Rachel Cargle is an Akron, Ohio born writer, entrepreneur and philanthropic innovation. Her work and upcoming book with Penguin Random House, centers the reimagining of womanhood, solidarity and self and how we are in relationship with ourselves and one another. In 2018 she founded The Loveland Foundation, Inc., a non-profit offering free therapy to
Black women and girls.
Her umbrella company, The Loveland Group houses a collection of Rachel’s social ventures including The Great Unlearn, a self-paced, donationbased learning community, The Great Unlearn for Young Learners – an online learning space for young folks launching in 2022, and Elizabeth’s Bookshop & Writing Centre – an innovative literacy space designed to amplify, celebrate and honor the work of writers who are often excluded from traditional cultural, social and academic canons.

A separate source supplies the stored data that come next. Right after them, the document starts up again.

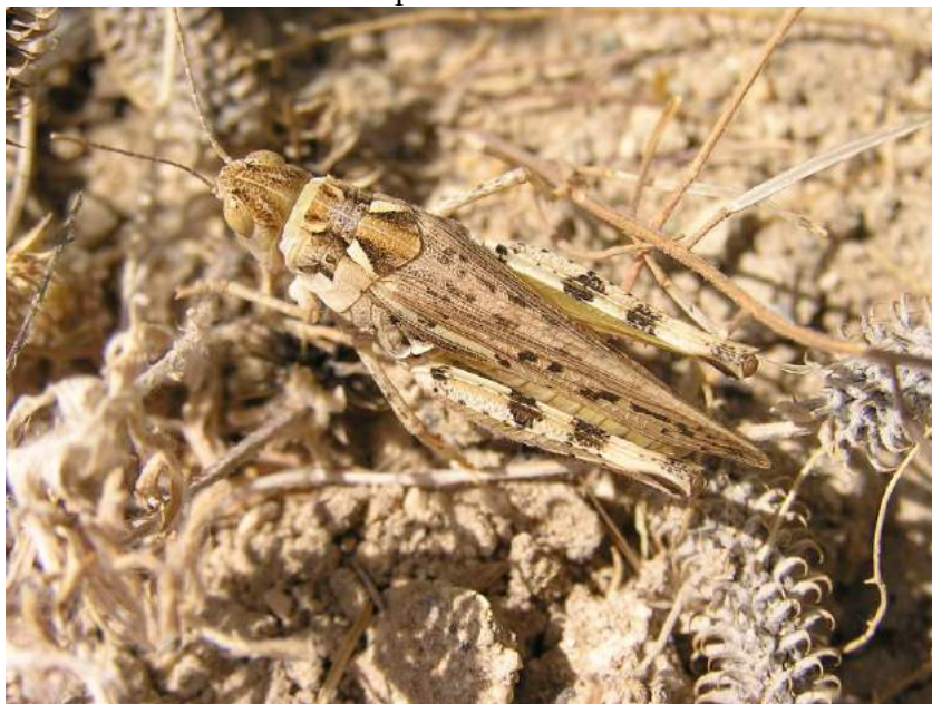
Dociostaurus ( Stauronotulus ) kraussi kraussi (Ingenitskii) – Атбасарка, или атбасарская крестовичка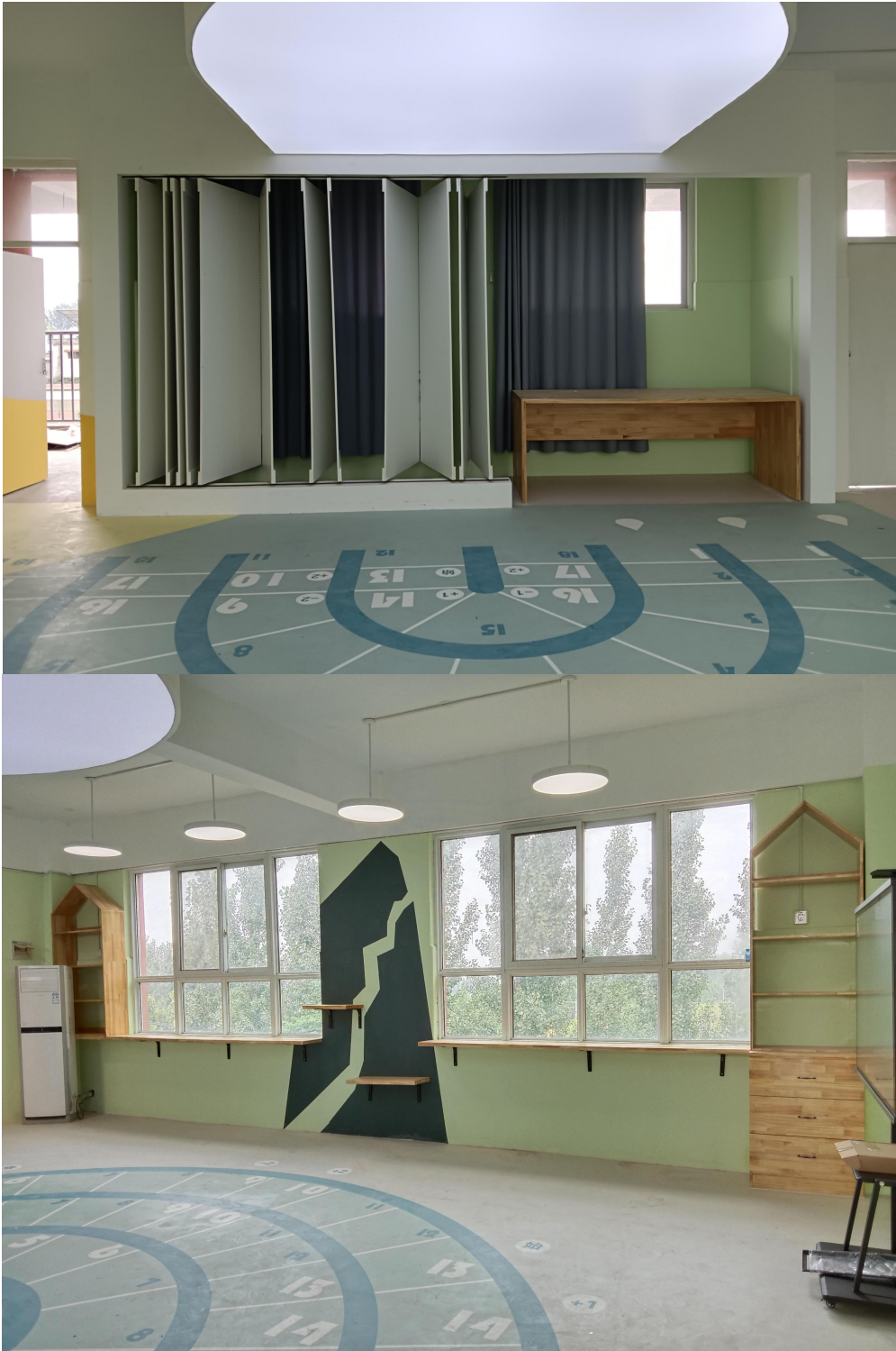
减灾教室建设效果实景照片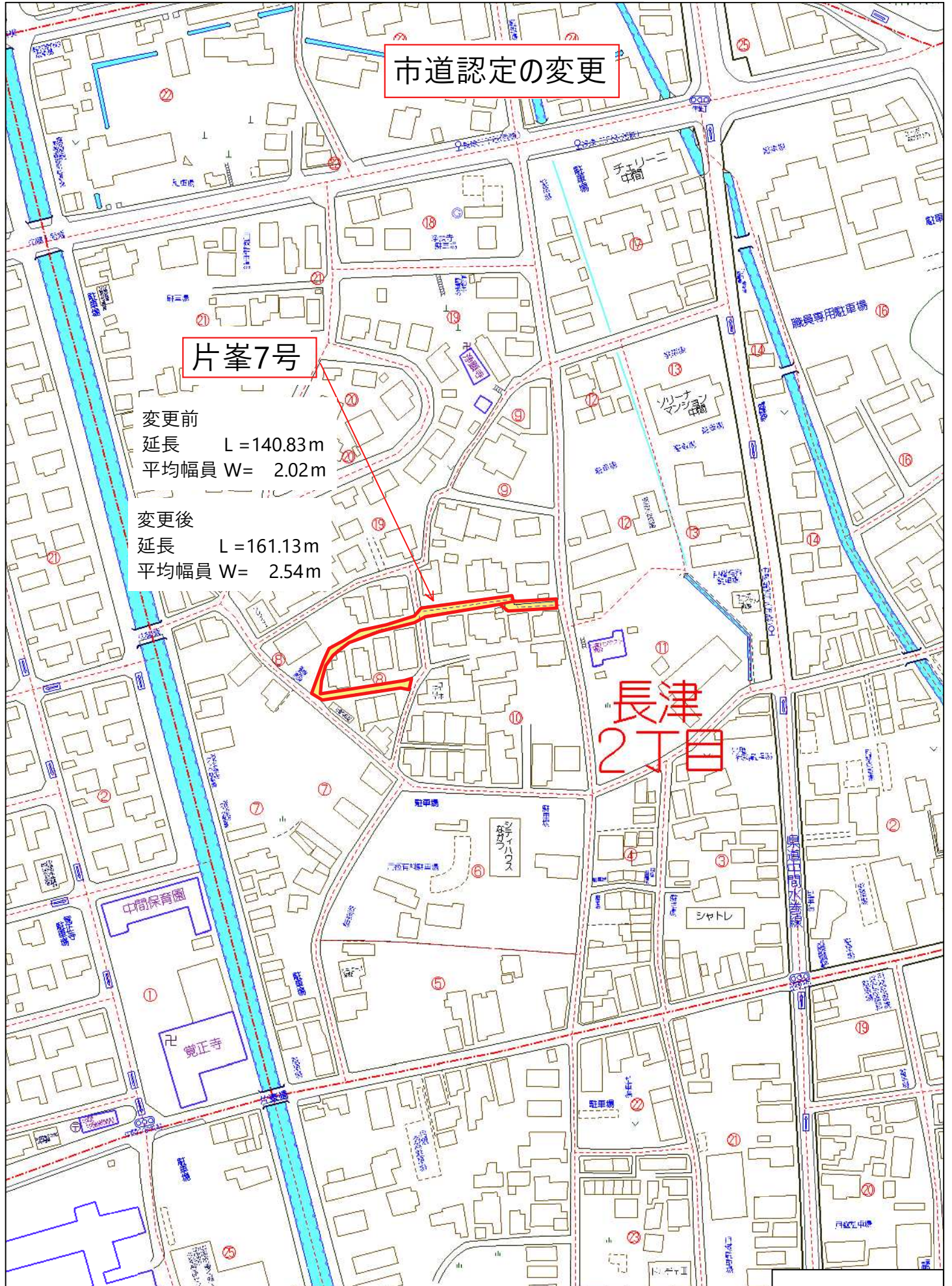
中間市長津2丁目付近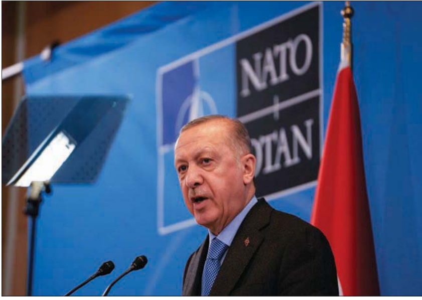
إردوغان يتحدث في مؤتمر صحفي عقب قمة استثنائية لـ«الناتو» في بروكسل، 24 مارس الماضي

الوضع في أوكرانيا. وأضافت: في بيان: «شدد الجانب الروسي مجدداً على أن المسؤولية الكاملة عن الوضع الإنساني المعقد في مناطق القتال تقع على عاتق الكتائب القومية اليمينية المتطرفة الأوكرانية التي تستخدم المدنيين دروعاً بشرية، وتمنعهم من الانسحاب عبر الممرات الإنسانية التي يوفرها العسكريون الروس بانتظام». وأضاف البيان أن الوزيرين ناقشا الخطوات المشتركة الممكن اتخاذها على مستوى وزارتي الخارجية ووزارتي الدفاع بهدف ضمان أمن المدنيين، خصوصاً الأجانب، في أوكرانيا. و بشأن المفاوضات بين روسيا وأوكرانيا، ذكر البيان أنه جرى التأكيد على ثبوت الموقف التركي، في بيان، أن الروسي، الذي يقضي بأن نتيجة المفاوضات تتوقف بالكامل على استعداد كيف لتلبية مطالب موسكو المشروعة، واستضافت تركيا جولتي تفاوض بين روسيا وأوكرانيا في مدينتي أنطاليا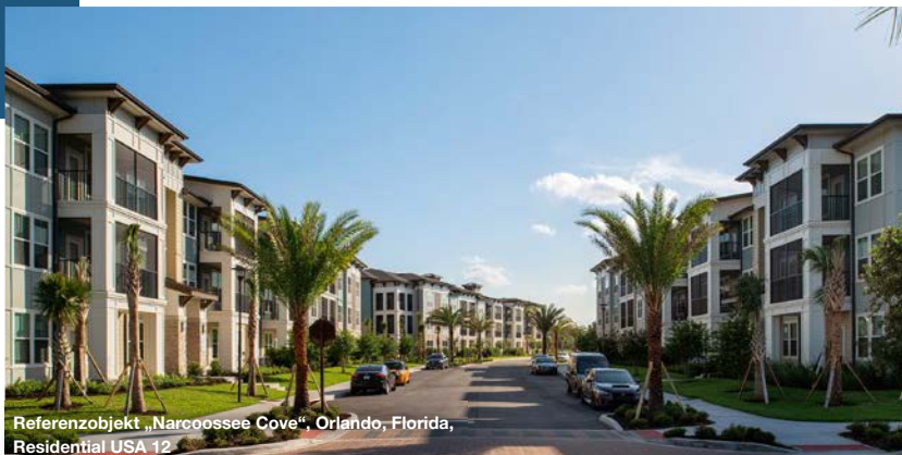
Referenzobjekt „Narcoossee Cove“, Orlando, Florida, Residential USA 12

Attraktive steuerliche Rahmenbedingungen

Rachel is a regular contributor to Cultured magazine, Atmos magazine and The Cut, and has been featured in The Washington Post, The New York Times, Forbes, Harper’s Bazaar and The New Yorker. Rachel lives & loves in Brooklyn, New York.
Wanjiku “Wawa” Gatheru is a climate storyteller passionate about making the climate movement relevant and accessible to everyone. Harnessing her background as a Rhodes Scholar and youth climate activist, Wawa works to bring climate justice to the mainstream. Her goal is to be an effective communicator that helps inspire a generation of “unlikely” environmentalists.